Читаем Ада, или Отрада полностью

Таким образом впервые упомянутого – хотя оба молчаливо использовали его как ориентатор или как правую руку, нарисованную на прозрачной вывеске, которую лишенное границ око философа, облупленное, сваренное вкрутую яйцо, свободно курсирующее, но ощущающее, какой из его концов ближе к фантомному носу, видит висящей в бесконечном пространстве; после чего свободное это око с германской грацией плавно заходит за стеклянную вывеску и видит просвечивающую сквозь нее левую руку, – вот оно, решение! (Бернард сказал, в шесть тридцать, но я могу немного опоздать.) Ментальное в Ване всегда обрамляло чувственное: незабываемый, грубоватый, пушистый велюр Вильявисьосы.

«Ван, ты намеренно обходишь предмет —»

«Не все предметы обходимы».

«– потому что на другом, пяточном конце Ваниадского дивана – помнишь? – стоял только шкаф, в котором вы двое запирали меня раз десять, не меньше».

«Ну уж и десять. Только однажды – и никогда больше. В нем была замочная скважина, размером с глаз Канта. Кант был знаменит своими огуречного цвета райками».

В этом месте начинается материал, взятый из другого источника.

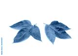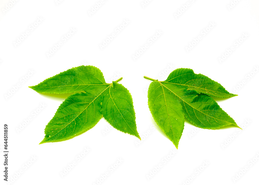 Two passion fruit leaves with 3 lobes, upper surface in dark green, smooth, and glossy growing in alternate pattern and have serrated, toothed edges isolated on white background

«Хорошо, так вот этот секретер, – продолжила Люсетта, скрестив прелестные ноги и рассматривая свою левую туфельку, свою необыкновенно элегантную, лакированной кожи “Хрустальную” туфельку, – этот секретер имел секретик. Внутри него был раскладной карточный столик и потайной ящик. И тебе взбрело в голову, кажется, что он набит любовными письмами нашей бабушки, написанными ею в двенадцать или тринадцать лет. А наша Ада знала, о, она знала, что ящичек точно есть, но забыла, как добиться оргазма или как это там называется у карточных столов и конторок».

Как это там называется.

«Мы бросили тебе вызов, чтобы ты нашел тайное чувствилище, сенсориум, и заставил его сработать. Тем летом Белль растянула поясницу, и когда нас предоставили самим себе, я не знала, куда деться, вы-то с Адой отлично знали, а в моем случае particule еще сберегалась в трогательной чистоте. Ты все нашаривал и нащупывал маленький орган, оказавшийся податливым бугорком на палисандре, скрытой под сукном пружинкой, и Ада рассмеялась, когда ящик выскочил».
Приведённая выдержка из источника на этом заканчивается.